GLOBAL is reserved for future shared settings, but the current directory loaders do not scan global.yml.

For backward compatibility, explicit flat Lighthouse-only files still load when you point --config at that file directly.

Top-Level Keys

Supported root namespaces:

  • GLOBAL Reserved for shared operator settings.
  • LIGHTHOUSE Static-site build, deploy, rating, RSS, and source materialization config.
  • HARBOR Harbor build, runtime, auth, and app-hosting config.

GLOBAL

GLOBAL is intentionally sparse in v1. It exists so the config surface can stay unified while Lighthouse and Harbor keep separate schemas.

LIGHTHOUSE

LIGHTHOUSE uses the existing static-site schema.

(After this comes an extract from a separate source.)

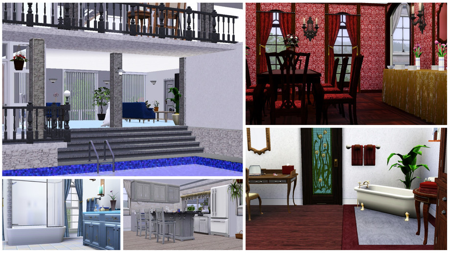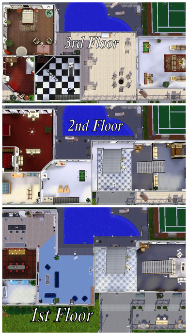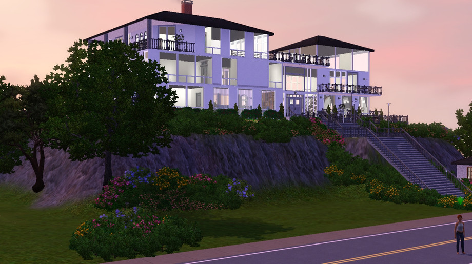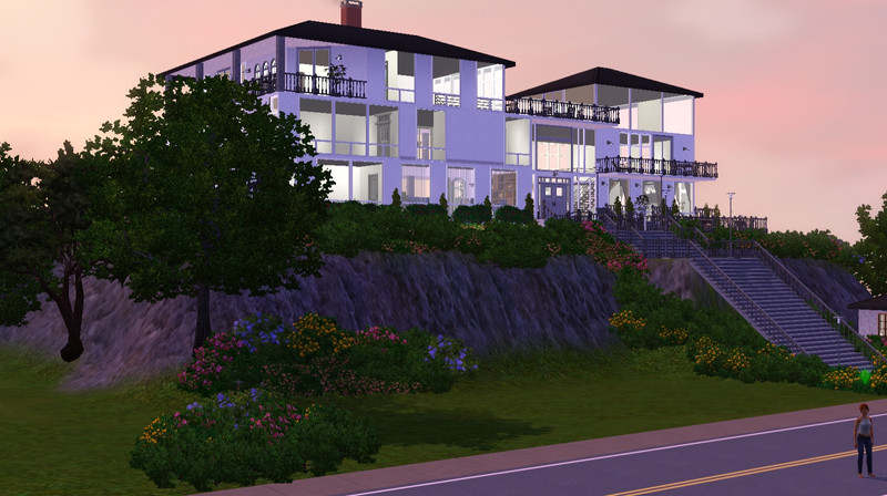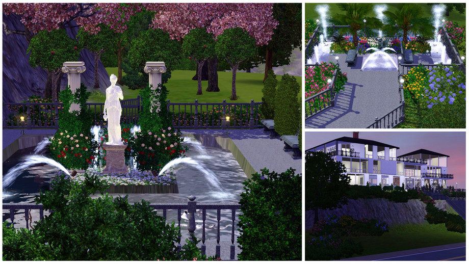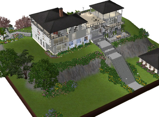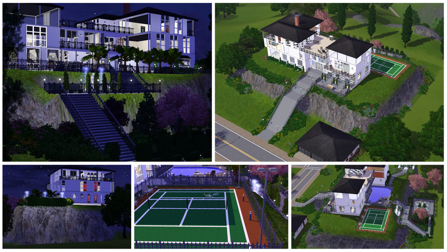 This beautiful cliff home overlooks the bay and all of the town. Gorgeous landscaping covers both terraces. Formal dining room, loft bedroom, open floor plans, open walled den leading right to the pool-these are just some of the features that will make you the envy of all the Sims. Eat your hearts out Landgrabs and Goths! Lot comes complete with a stocked formal pond, gem and butterfly spawners, fountains and more! Fully furnished with matching decor, matching color schemes throughout! The tennis court adjacent to the pool adds to the bragging rights that you will have the most beautiful lot in Sims!!

Required unless marked optional:

  • LIGHTHOUSE_CLONE_URL
  • LIGHTHOUSE_DIRECTORY
  • LIGHTHOUSE_BRANCH
  • BUILD_COMMAND
  • BUILD_OUTPUT_DIR
  • DEPLOY_ROOT
  • RETAIN_DEPLOYMENTS
  • EMAIL
  • CLOUDFLARE
  • REMOTE
  • RSS
  • RATINGS
  • SOURCES

The sections below still refer to the keys inside LIGHTHOUSE:.

HARBOR

Supported keys:

  • SOURCE_DIR
  • CLONE_URL
  • BRANCH
  • DEPLOY_ROOT
  • RETAIN_DEPLOYMENTS
  • RUNTIME_DIR
  • DATABASE_URL
  • BIND_HOST
  • BIND_PORT
  • PUBLIC_BASE_URL
  • OIDC
  • PERMISSIONS
  • MAINTENANCE
  • WORKSPACE
  • APPS

Key Harbor behaviors:

  • Harbor is server-local in v1
  • Harbor itself is sourced from exactly one mode:
    • SOURCE_DIR
    • or CLONE_URL + BRANCH
  • Harbor stores mutable platform state in Postgres via DATABASE_URL
  • docked apps are sourced from exactly one mode:
    • SOURCE_DIR
    • or CLONE_URL + BRANCH
  • docked apps are built and staged into Harbor releases
  • docked apps must load runtime settings from a config file
  • Harbor injects resolved identity, roles, and permissions when it proxies requests
  • Harbor owns the built-in /myself/ route; app slug myself is reserved and may not be used by docked apps

DATABASE_URL should point Harbor at a Postgres schema it owns for:

  • users
  • direct permissions
  • user preferences
  • maintenance state
  • Harbor API keys

When Harbor itself uses CLONE_URL + BRANCH, the CLI clones or updates that checkout inside the Harbor repo cache before building the Harbor runtime.

OIDC supported keys:

  • ENABLED
  • MODE
  • ISSUER_PATH
  • CLIENT_ID
  • CLIENT_SECRET
  • SESSION_COOKIE_NAME
  • SESSION_SECRET
  • EMBEDDED_USERS

Only MODE: embedded is supported in v1.

Each EMBEDDED_USERS entry supports:

  • USERNAME
  • DISPLAY_USERNAME
  • PASSWORD
  • SUBJECT
  • NAME
  • EMAIL
  • ROLES

Harbor normalizes canonical usernames to lowercase and only allows:

  • a-z
  • 0-9
  • _
  • -

The normalized canonical username is used for identity and route-safe slugs. DISPLAY_USERNAME is the human-facing label shown in Harbor and apps. If DISPLAY_USERNAME is omitted, the raw configured USERNAME value is used for display before normalization.

EMBEDDED_USERS are bootstrap-only seed users, not the long-term mutable user store. Run lighthouse harbor migrate-db to create the Harbor schema and import either legacy state or embedded users into Postgres. After the Harbor database is initialized, Harbor ignores EMBEDDED_USERS for steady-state auth and reads mutable users, permissions, preferences, and maintenance state from Postgres. Once that database state exists, EMBEDDED_USERS may be removed from config.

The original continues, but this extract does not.